Activity:
Retype the entries exactly, but skip the pictures.

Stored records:
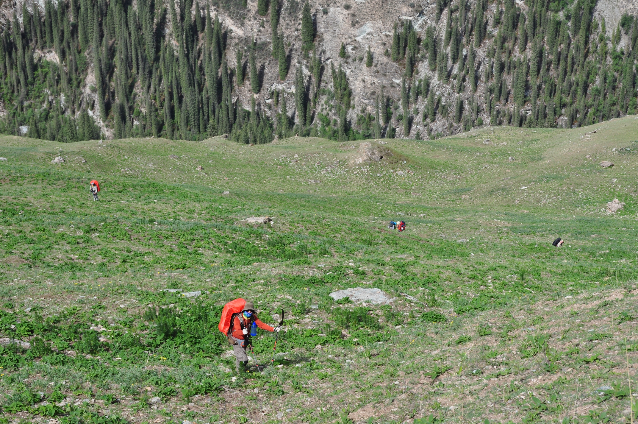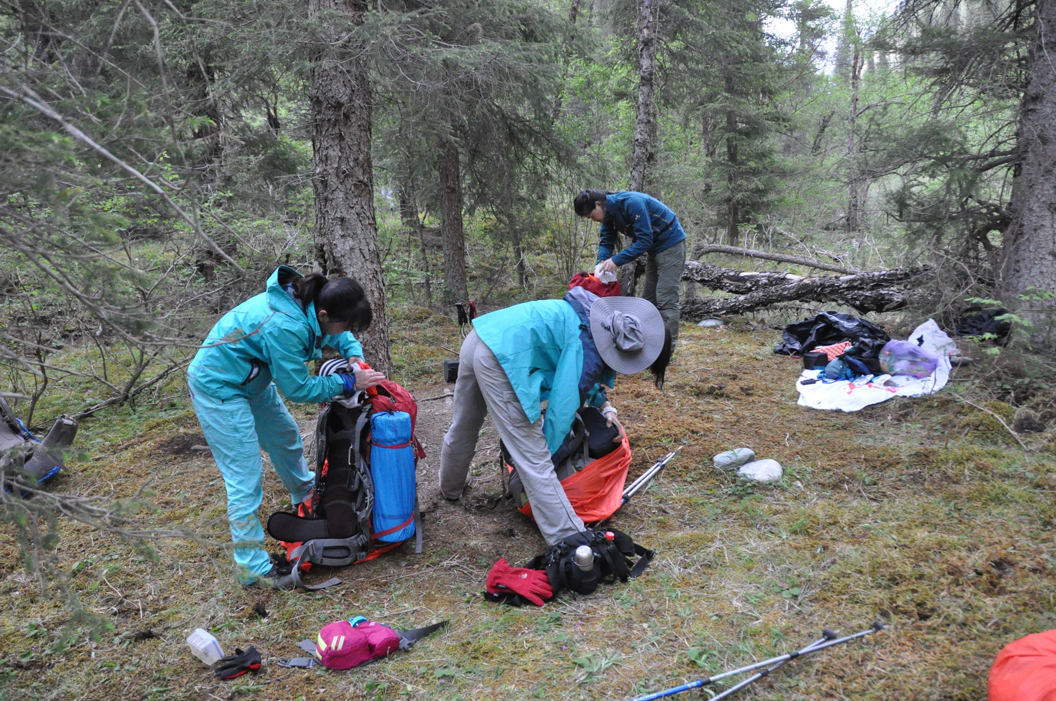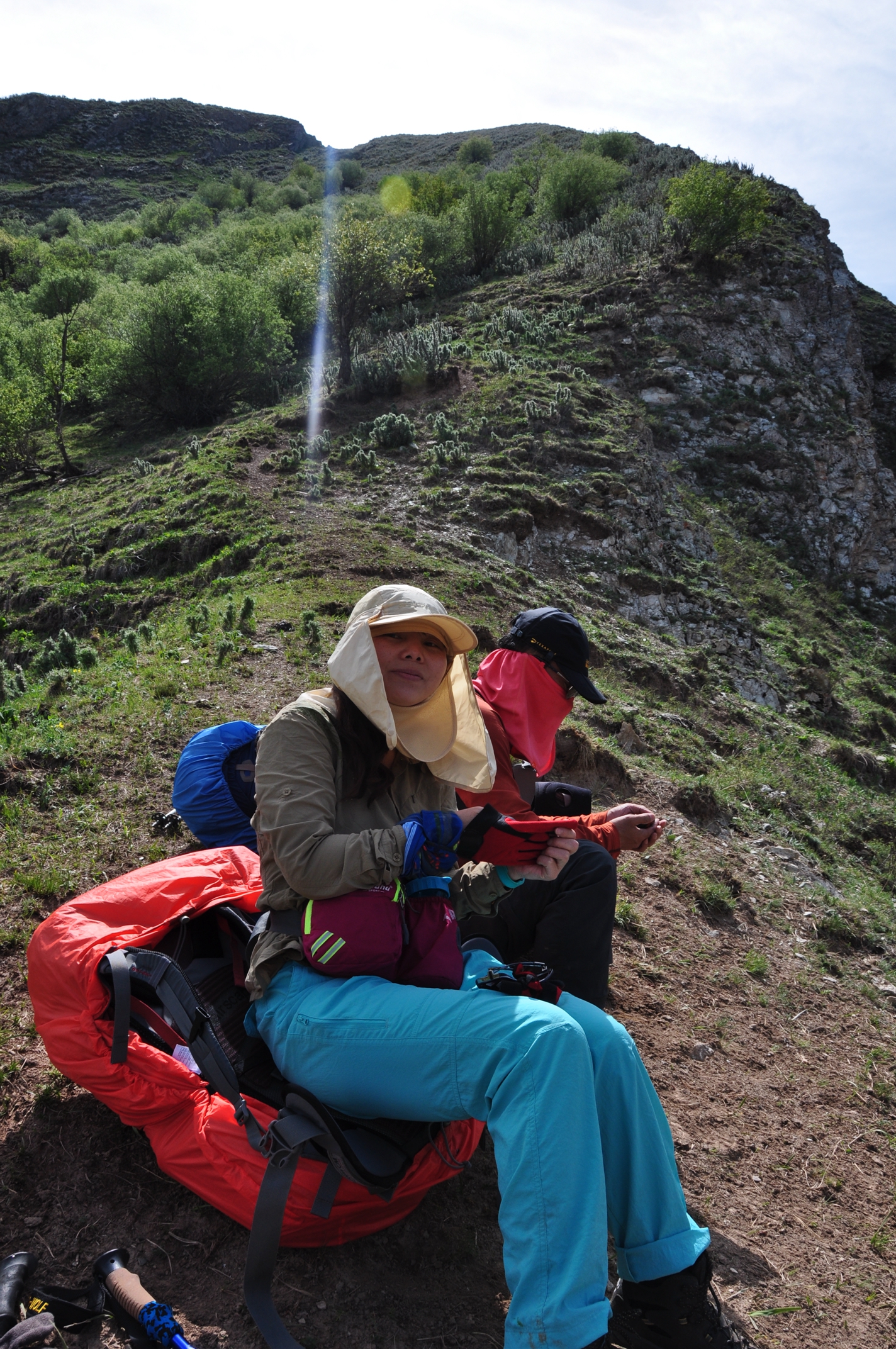 走过一个小坡后,海棠肚子不舒服,我和米团、蛤蟆、小刀走在后面,也顺便休息等了一下,然后小刀问海棠要不要帮忙背点,海棠决定不用,于是继续前行。
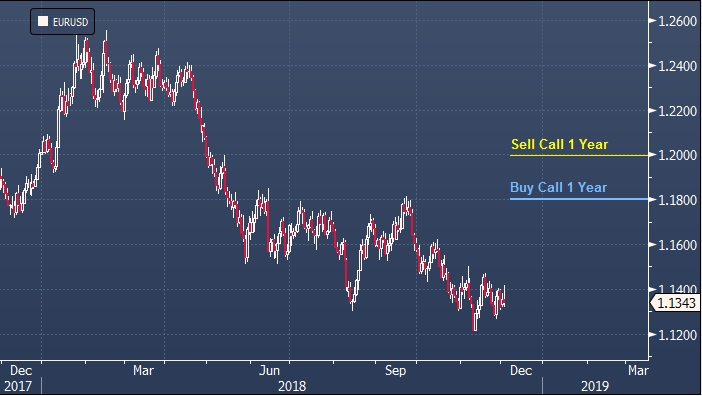 2. Еще одна стратегия: покупка евро против доллара США. Если рынок устранит оказывающие сейчас негативное влияние на евро факторы, единая валюта в долгосрочном горизонте вырастет против американского конкурента. Однако банк не рекомендует прямую длинную позицию в паре EURUSD. Он советует воспользоваться стратегией на рынке валютных опционов под названием «покупка 12-месячногоCall-спрэда EURUSD» со страйками на уровнях 1.1800 и 1.2000.
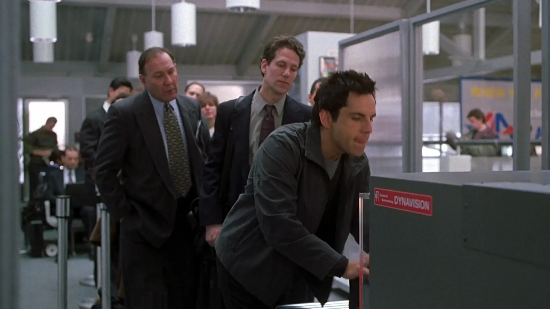 Cast: Ben Stiller as Gaylord 'Greg' Focker, Robert De Niro as Jack Byrnes, Teri Polo as Pam Byrnes, Blythe Danner as Dina Byrnes, Nicole DeHuff as Deborah Byrnes, Jon Abrahams as Denny Byrnes, Owen Wilson as Kevin Rawley, James Rebhorn as Dr. Larry Banks, Tom McCarthy as Dr. Bob Banks, Phyllis George as Linda Banks, Kali Rocha as Atlantic American Flight Attendant, Bernie Sheredy as Norm the Interrogator, Judah Friedlander as Pharmacy Clerk, Peter Bartlett as Animal Shelter Worker, John Elsen as Chicago Airport Security, Mark Hammer as Greg's Hospital Patient, Amy Hohn as Ticket Agent, William Severs as Father O'Boyle, John Fiore as Kinky, Marilyn Dobrin as Atlantic American Lost Luggage Clerk, Marci Reid as Traveler, Frank Santorelli as Courier (Wrong Bag), Russell Hornsby as Late Night Courier (Right Bag), Patricia Cook as Little Girl, Cody Arens as Little Boy, Cole Hawkins as Little Boy, Spencer Breslin as Little Boy, Ina Rosenthal as Wedding Worker, Kim Rideout as Nurse, Kresh Novakovic as Airport Policeman, John Joseph Gallagher as Cop, G. A. Aguilar as Cop, Lynn Ann Castle as Security Guard
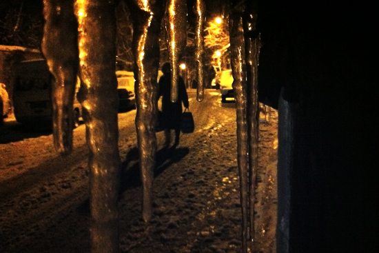 风雪夜归人 岛城今冬首场大雪夜景 (青岛新闻网记者周琦 摄)
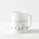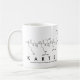 Karter spelled out in amino acids as K A R T E R (Lysine Alanine Arginine Threonine Glutamic acid Arginine) on a mug for the scientist in you.
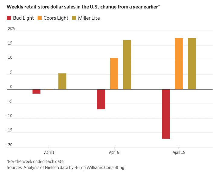 The Wall Street Journal posted a chart showing the lurch downwards in Bud Lights sales — and the lurch upwards in sales of rival beers Coors Light and Miller Light:
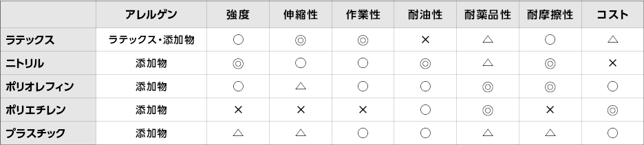 代表的な材質としては、天然ゴムラテックス、ニトリル、ポリ塩化ビニル、ポリエチレン、の4つが挙げられます。
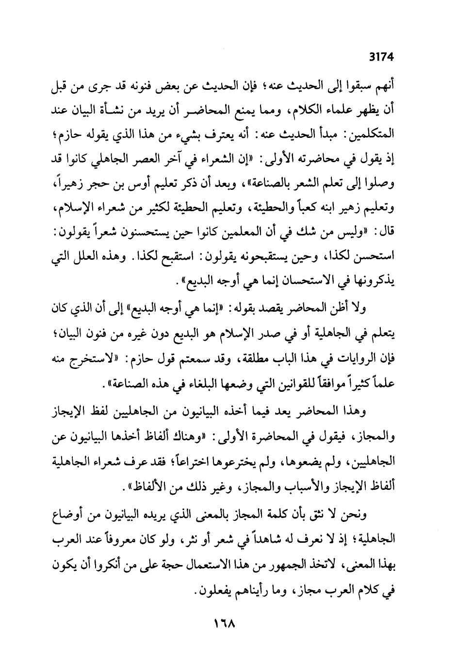 ولا أظن المحاضر يقصد بقوله: "إنما هي أوجه البديع" إلى أن الذي كان يتعلم في الجاهلية أو في صدر الإسلام هو البديع دون غيره من فنون البيان؛ فإن الروايات في هذا الباب مطلقة، وقد سمعتم قول حازم: "لاستخرج منه علماً كثيراً موافقاً للقوانين التي وضعها البلغاء في هذه الصناعة".
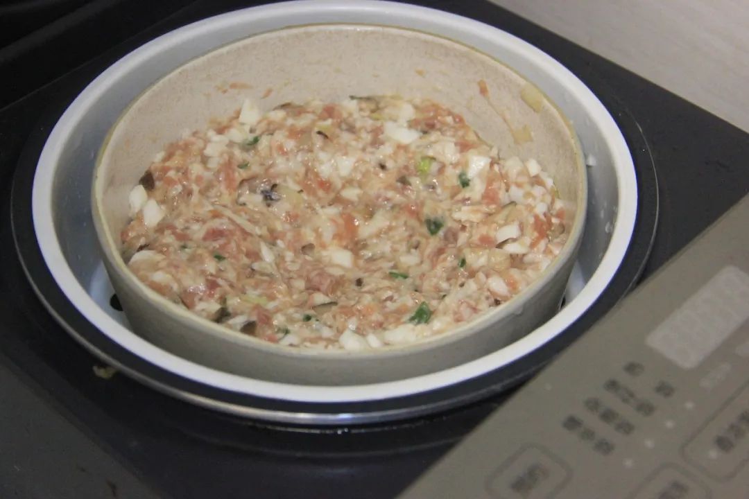 调制馅料,我习惯将香菇和大葱提前炒一下,去了生味,再和肉馅一起拌。
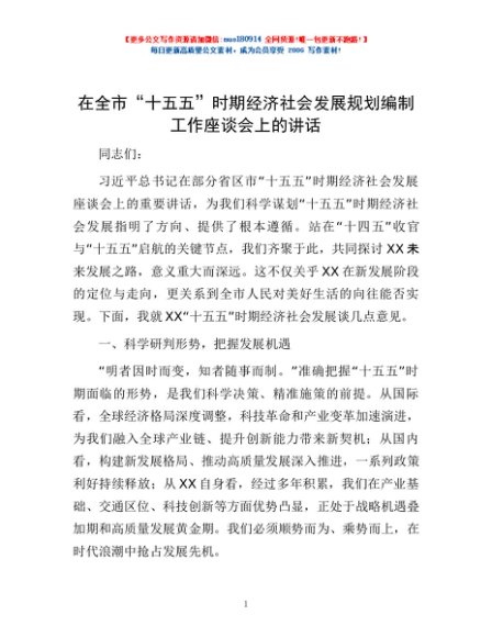 / 在全市“十五五”时期经济社会发展规划编制工作座谈会上的讲话
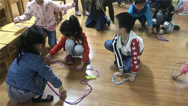 近期,我班的孩子学习了一本有趣的绘本《小猪变形记》,整个故事幽默有趣,特别是小猪的变形引起了孩子们浓厚的兴趣,为了满足孩子们的兴趣爱好,我们特意构思了绘本拓展游戏《超级变变变》,通过游戏给予孩子充分想象、创造和自由表现的空间,在游戏的情境中,激发幼儿自己或与同伴合作,用简单的道具——比如绳子或身体动作表现物体形象的情趣,发展幼儿的合作、协调、及解决问题的能力。
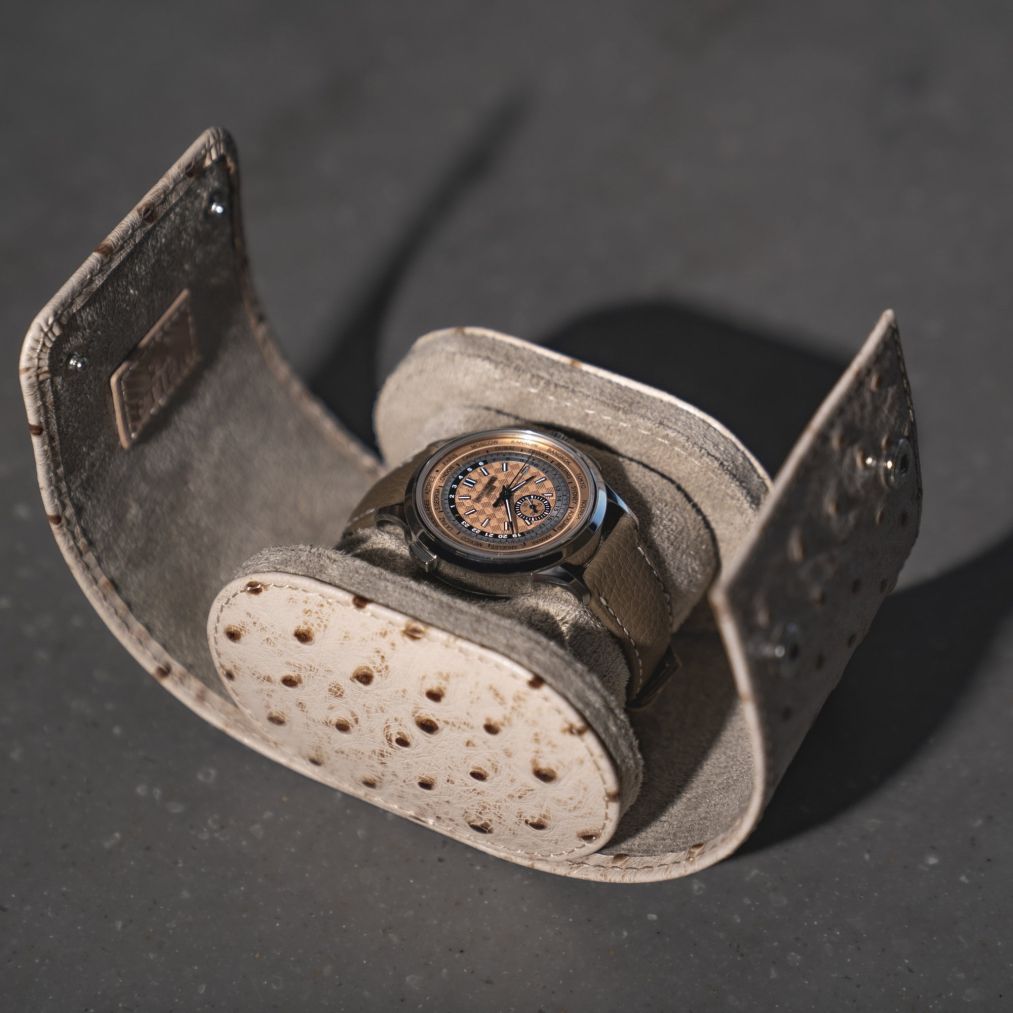 Etier Gusto Single Watch Roll Light Cappuccino Ostrich Leather

Written solution:
 走过一个小坡后,海棠肚子不舒服,我和米团、蛤蟆、小刀走在后面,也顺便休息等了一下,然后小刀问海棠要不要帮忙背点,海棠决定不用,于是继续前行。
 2. Еще одна стратегия: покупка евро против доллара США. Если рынок устранит оказывающие сейчас негативное влияние на евро факторы, единая валюта в долгосрочном горизонте вырастет против американского конкурента. Однако банк не рекомендует прямую длинную позицию в паре EURUSD. Он советует воспользоваться стратегией на рынке валютных опционов под названием «покупка 12-месячногоCall-спрэда EURUSD» со страйками на уровнях 1.1800 и 1.2000.
 Cast: Ben Stiller as Gaylord 'Greg' Focker, Robert De Niro as Jack Byrnes, Teri Polo as Pam Byrnes, Blythe Danner as Dina Byrnes, Nicole DeHuff as Deborah Byrnes, Jon Abrahams as Denny Byrnes, Owen Wilson as Kevin Rawley, James Rebhorn as Dr. Larry Banks, Tom McCarthy as Dr. Bob Banks, Phyllis George as Linda Banks, Kali Rocha as Atlantic American Flight Attendant, Bernie Sheredy as Norm the Interrogator, Judah Friedlander as Pharmacy Clerk, Peter Bartlett as Animal Shelter Worker, John Elsen as Chicago Airport Security, Mark Hammer as Greg's Hospital Patient, Amy Hohn as Ticket Agent, William Severs as Father O'Boyle, John Fiore as Kinky, Marilyn Dobrin as Atlantic American Lost Luggage Clerk, Marci Reid as Traveler, Frank Santorelli as Courier (Wrong Bag), Russell Hornsby as Late Night Courier (Right Bag), Patricia Cook as Little Girl, Cody Arens as Little Boy, Cole Hawkins as Little Boy, Spencer Breslin as Little Boy, Ina Rosenthal as Wedding Worker, Kim Rideout as Nurse, Kresh Novakovic as Airport Policeman, John Joseph Gallagher as Cop, G. A. Aguilar as Cop, Lynn Ann Castle as Security Guard
 风雪夜归人 岛城今冬首场大雪夜景 (青岛新闻网记者周琦 摄)
 Karter spelled out in amino acids as K A R T E R (Lysine Alanine Arginine Threonine Glutamic acid Arginine) on a mug for the scientist in you.
 The Wall Street Journal posted a chart showing the lurch downwards in Bud Lights sales — and the lurch upwards in sales of rival beers Coors Light and Miller Light:
 代表的な材質としては、天然ゴムラテックス、ニトリル、ポリ塩化ビニル、ポリエチレン、の4つが挙げられます。
 ولا أظن المحاضر يقصد بقوله: "إنما هي أوجه البديع" إلى أن الذي كان يتعلم في الجاهلية أو في صدر الإسلام هو البديع دون غيره من فنون البيان؛ فإن الروايات في هذا الباب مطلقة، وقد سمعتم قول حازم: "لاستخرج منه علماً كثيراً موافقاً للقوانين التي وضعها البلغاء في هذه الصناعة".
 调制馅料,我习惯将香菇和大葱提前炒一下,去了生味,再和肉馅一起拌。
 / 在全市“十五五”时期经济社会发展规划编制工作座谈会上的讲话
 近期,我班的孩子学习了一本有趣的绘本《小猪变形记》,整个故事幽默有趣,特别是小猪的变形引起了孩子们浓厚的兴趣,为了满足孩子们的兴趣爱好,我们特意构思了绘本拓展游戏《超级变变变》,通过游戏给予孩子充分想象、创造和自由表现的空间,在游戏的情境中,激发幼儿自己或与同伴合作,用简单的道具——比如绳子或身体动作表现物体形象的情趣,发展幼儿的合作、协调、及解决问题的能力。
 Etier Gusto Single Watch Roll Light Cappuccino Ostrich Leather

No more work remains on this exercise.